Transcribe, word for word, only the lines from the one containing "Una vez, las" through the end of the material below. Pictures stay out.
=====
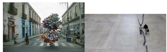
Trái: Francis Alys 'Ambulantes' (chi tiết của loạt tác phẩm ảnh) 1992-2006; Phải: Doris Salcedo 'Shibboleth' (chi tiết sắp đặt ở Tate Modern, London, Anh) 2007-2008

Một khía cạnh trong thực hành nhiếp ảnh của bạn mà tôi đặc biệt chú ý đó là những sắp đặt "được tìm thấy". Ý tôi là các tình huống mà bạn đã "tìm thấy" - những bậc thang kỳ lạ với chiếc áo mưa lơ lửng treo; tấm biển quảng cáo với lớp lót bạc trống trơn, ủ rũ trước gió; hay cây kiểng nhựa màu xanh lá cắm xuống lòng sông khô cạn. Tất cả những "cảnh" này, tuy đều được ngẫu nhiên "tìm thấy", nhưng lại gợi cho tôi về các tác phẩm của các nghệ sĩ nổi tiếng như Francis Alys và Doris Salcedo. Nghệ thuật của họ, theo một cách tương tự, cũng tận dụng các khoảnh khắc tình cờ, hay một "sân khấu" được sắp xếp cẩn thận. Bạn có thể chia sẻ về các nghệ sĩ đã truyền cảm hứng cho bạn, tạo ảnh hưởng tới thực hành của bạn?
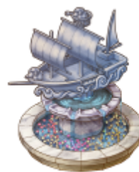
▲海洋ロマンな噴水
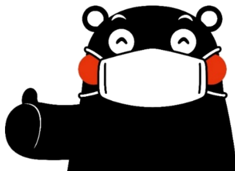
©2010 熊本県 くまモン
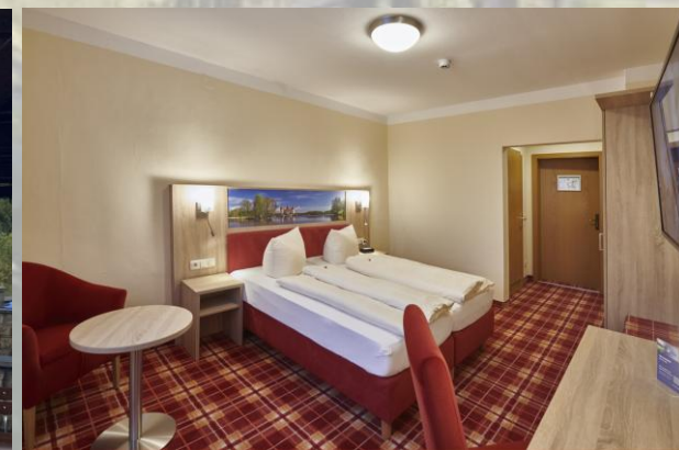
Die Zimmer sind perfekt
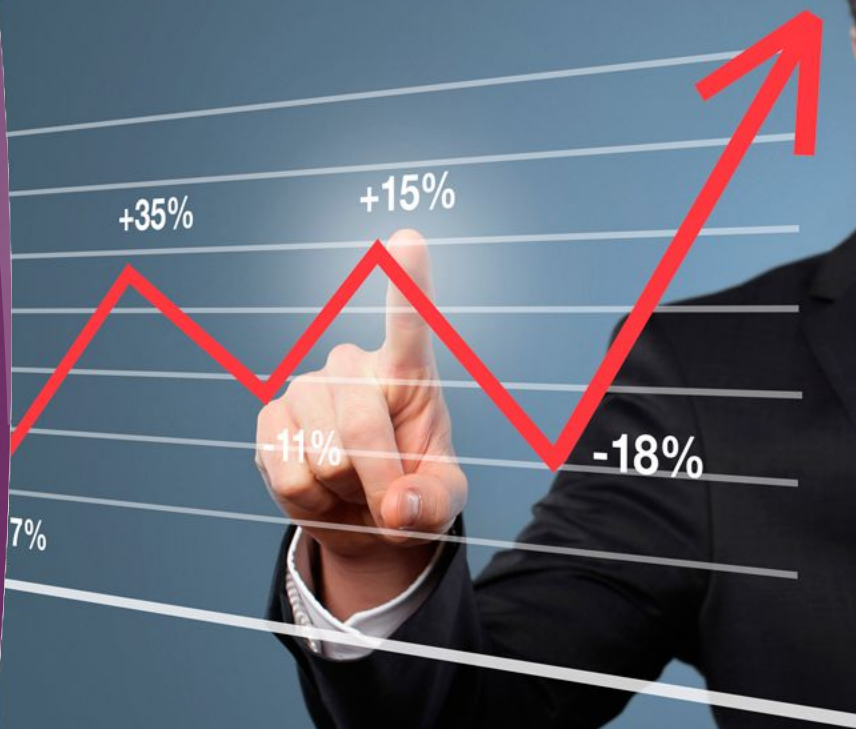
График отслеживания погашения кредитов.
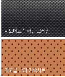
지오메트릭 패턴 그레이인
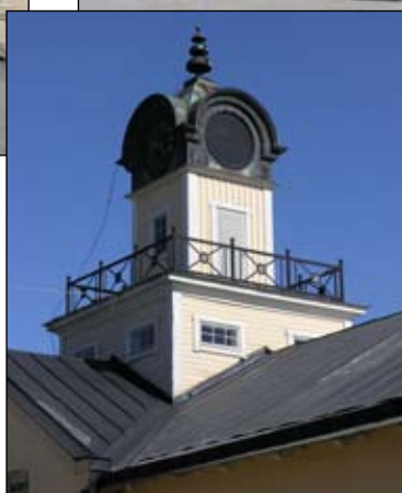
Klocktorn från nordväst. Lp20080691
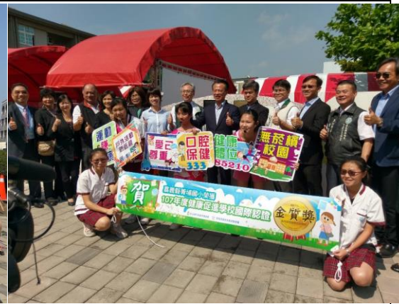
▲菁埔國小榮獲金質獎
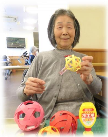
手芸クラブの風景
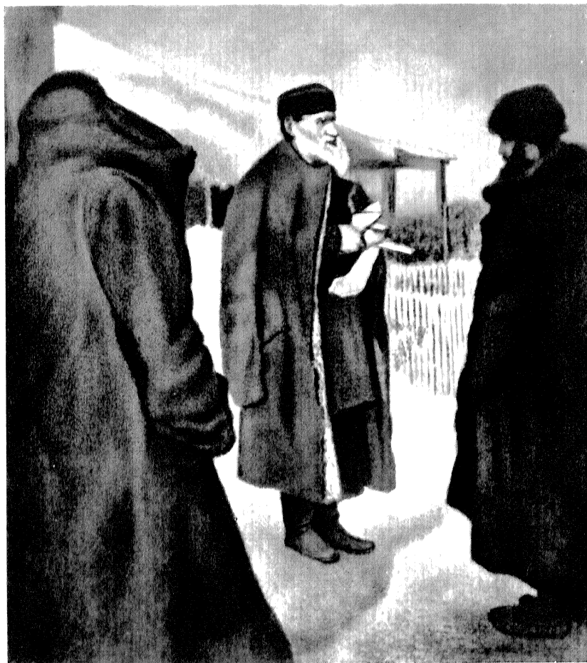
Л. Н. Толстой в Бегичевке. Фотография 1892 г.
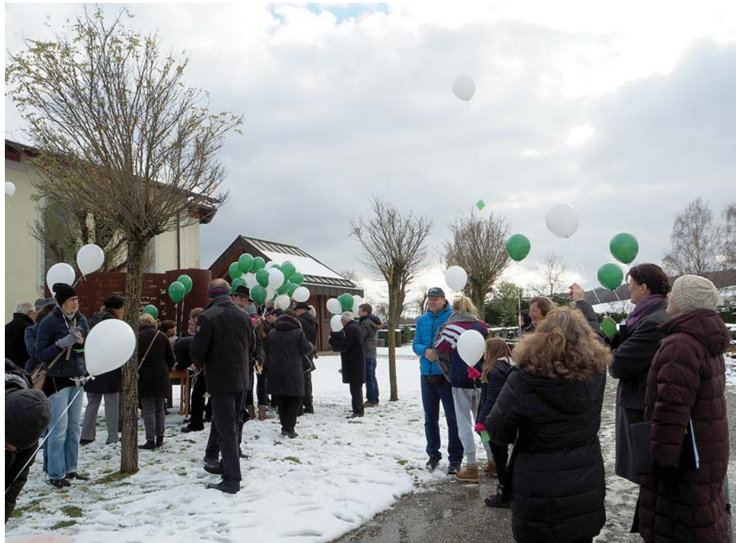
Ein Zeichen der Hoffnung und guten Wünsche: Die Mitglieder des Jugendgemeinderats verteilten grüne und weiße Ballons an die Besucher der Gedenkfeier zum Volkstrauertag auf dem Friedhof.
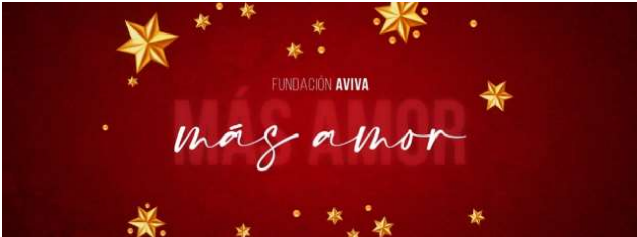
Diseño para Cover Redes Sociales

Una vez, las piezas gráficas fueron diseñadas, se publicaron en la Fan Page de la fundación Aviva en Facebook durante la campaña, puede verse en este sitio web:
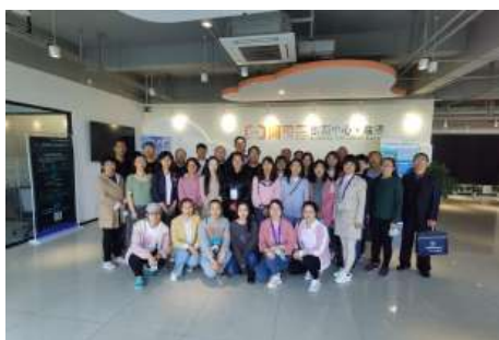
参观临港新片区、海洋高新区科创园区
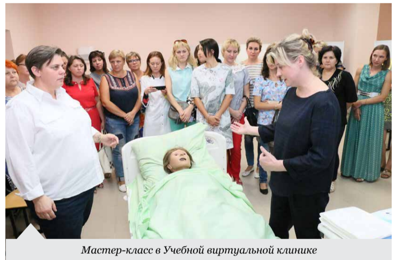
Мастер-класс в Учебной виртуальной клинике
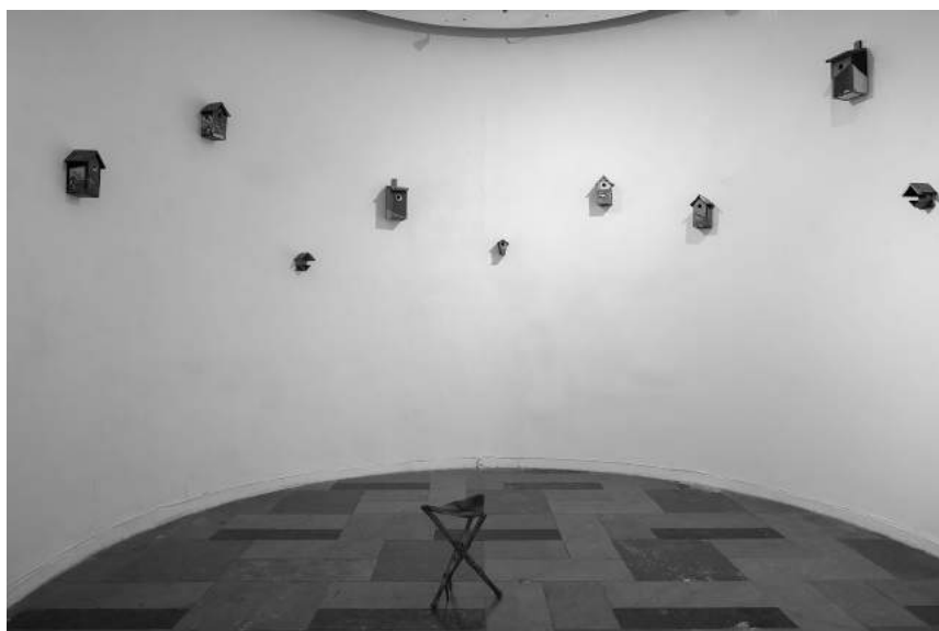
Malarskie domki dla sikorek , Grzegorz Ratajczyk (7–20.05)

Malarskie domki dla sikorek , Grzegorz Ratajczyk (7–20.05)
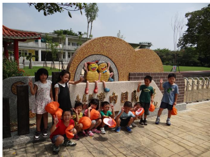
認識我們的學校—校門口
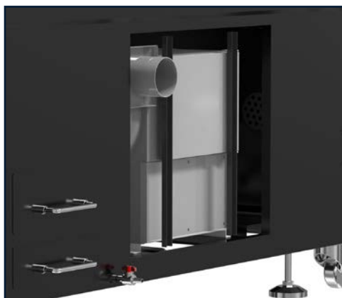
Filtraggio del fumo integrato
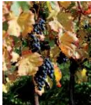
"Groppello" di Revò
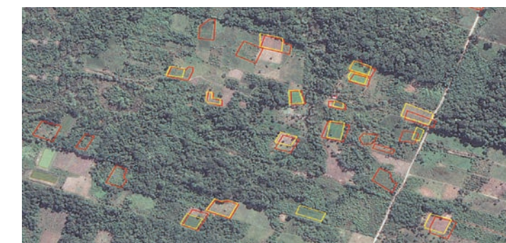
Captura de imágenes satelitales: A la izquierda, en la población Siguaní Grande, municipio de La Asunta, en la región de los Yungas de La Paz y, a la derecha, en la población Los Ángeles, municipio de Puerto Villarroel, en el Trópico de Cochabamba. Los polígonos en color rojo representan los cultivos de coca de 2017 y los polígonos amarillos, los cultivos de coca de 2018.
=====
- **EXERCISE RESULT**:
Una vez, las piezas gráficas fueron diseñadas, se publicaron en la Fan Page de la fundación Aviva en Facebook durante la campaña, puede verse en este sitio web:
参观临港新片区、海洋高新区科创园区
Мастер-класс в Учебной виртуальной клинике
Malarskie domki dla sikorek , Grzegorz Ratajczyk (7–20.05)

Malarskie domki dla sikorek , Grzegorz Ratajczyk (7–20.05)
認識我們的學校—校門口
Filtraggio del fumo integrato
"Groppello" di Revò
Captura de imágenes satelitales: A la izquierda, en la población Siguaní Grande, municipio de La Asunta, en la región de los Yungas de La Paz y, a la derecha, en la población Los Ángeles, municipio de Puerto Villarroel, en el Trópico de Cochabamba. Los polígonos en color rojo representan los cultivos de coca de 2017 y los polígonos amarillos, los cultivos de coca de 2018.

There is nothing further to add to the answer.